- REQUIRED WORK: Only the lines from the beginning of the data through the line holding "De estilo gótico" belong in the answer, printed exactly and without pictures.

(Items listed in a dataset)
_ _ _

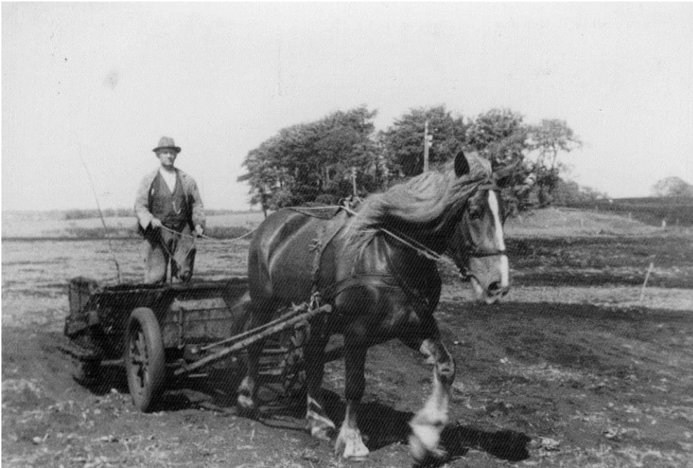
Figur 17. Dyndvogn
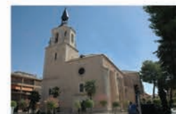
Iglesia de San Pedro

De estilo gótico tardío, su construcción se debe al incremento que experimentó la población de Daimiel en el siglo XVI. Destaca la puerta situada a los pies de la nave de estilo renacentista.
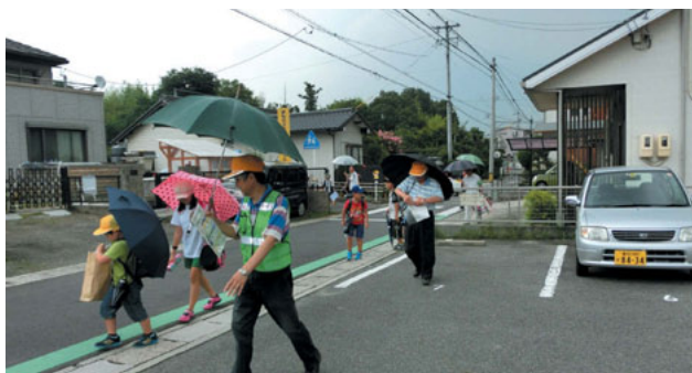
はみ出さないように前を見て歩きましょう
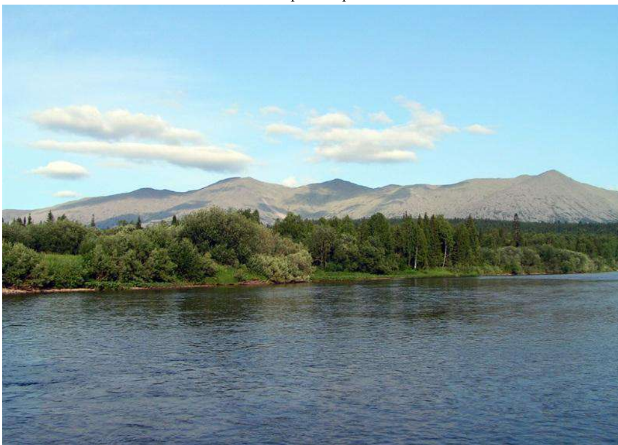
Тулымский Камень – вид из Вишеры
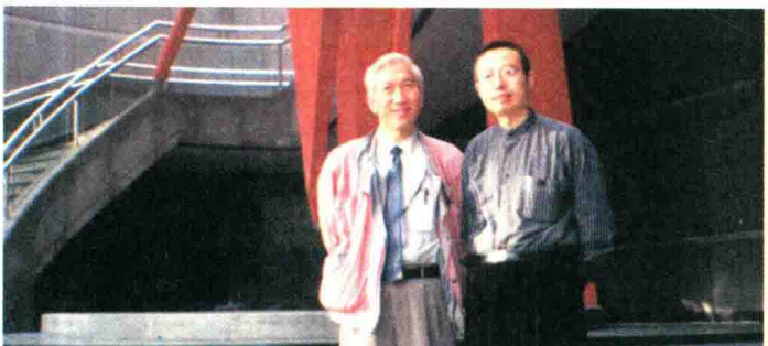
1999年4月，参加第九届全国美术作品展。
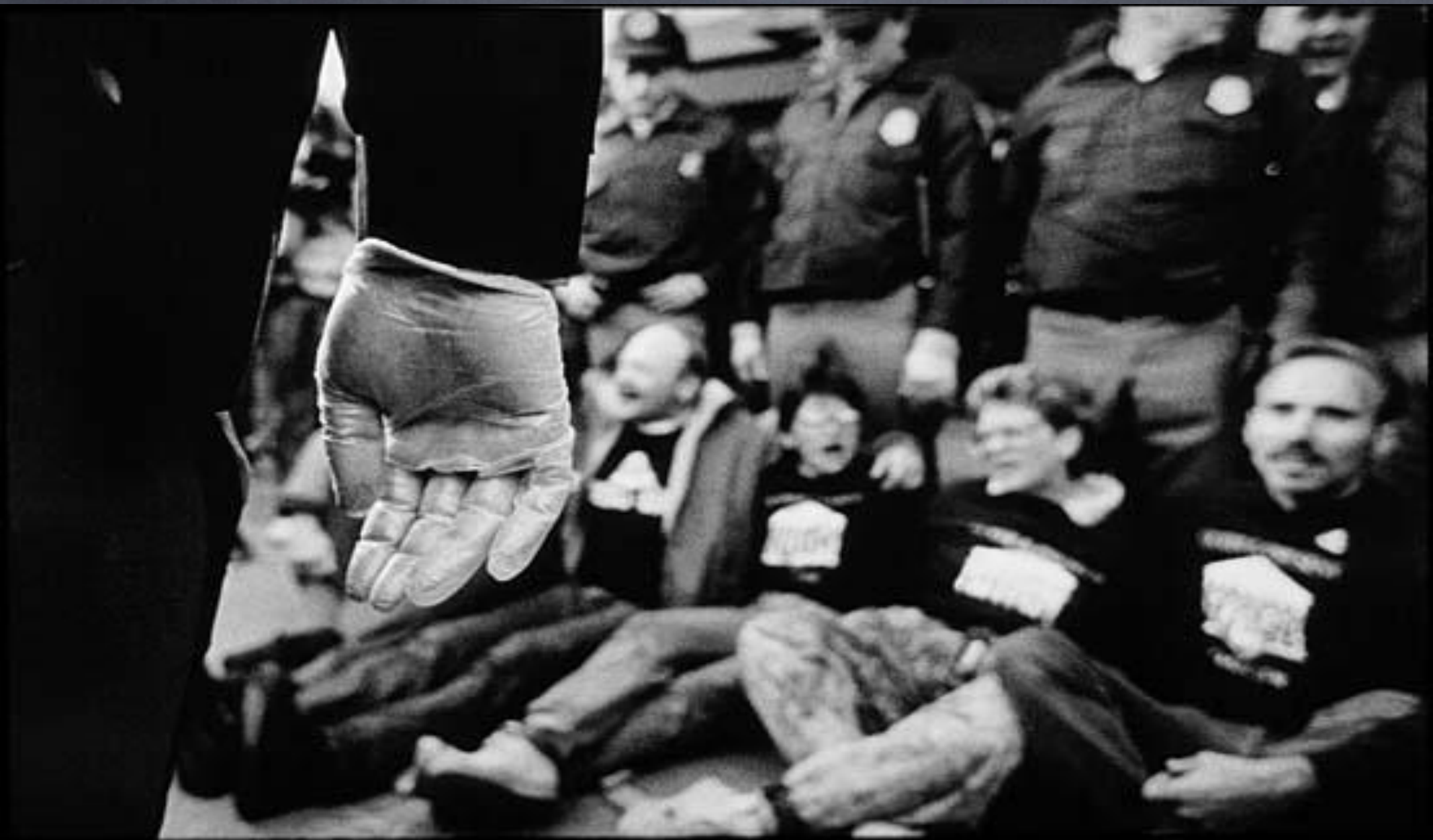
Act Up members block the entrance to the Food and Drug Administration building, October, 1988.

_ _ _

- SOLUTION:
Figur 17. Dyndvogn
Iglesia de San Pedro

De estilo gótico tardío, su construcción se debe al incremento que experimentó la población de Daimiel en el siglo XVI. Destaca la puerta situada a los pies de la nave de estilo renacentista.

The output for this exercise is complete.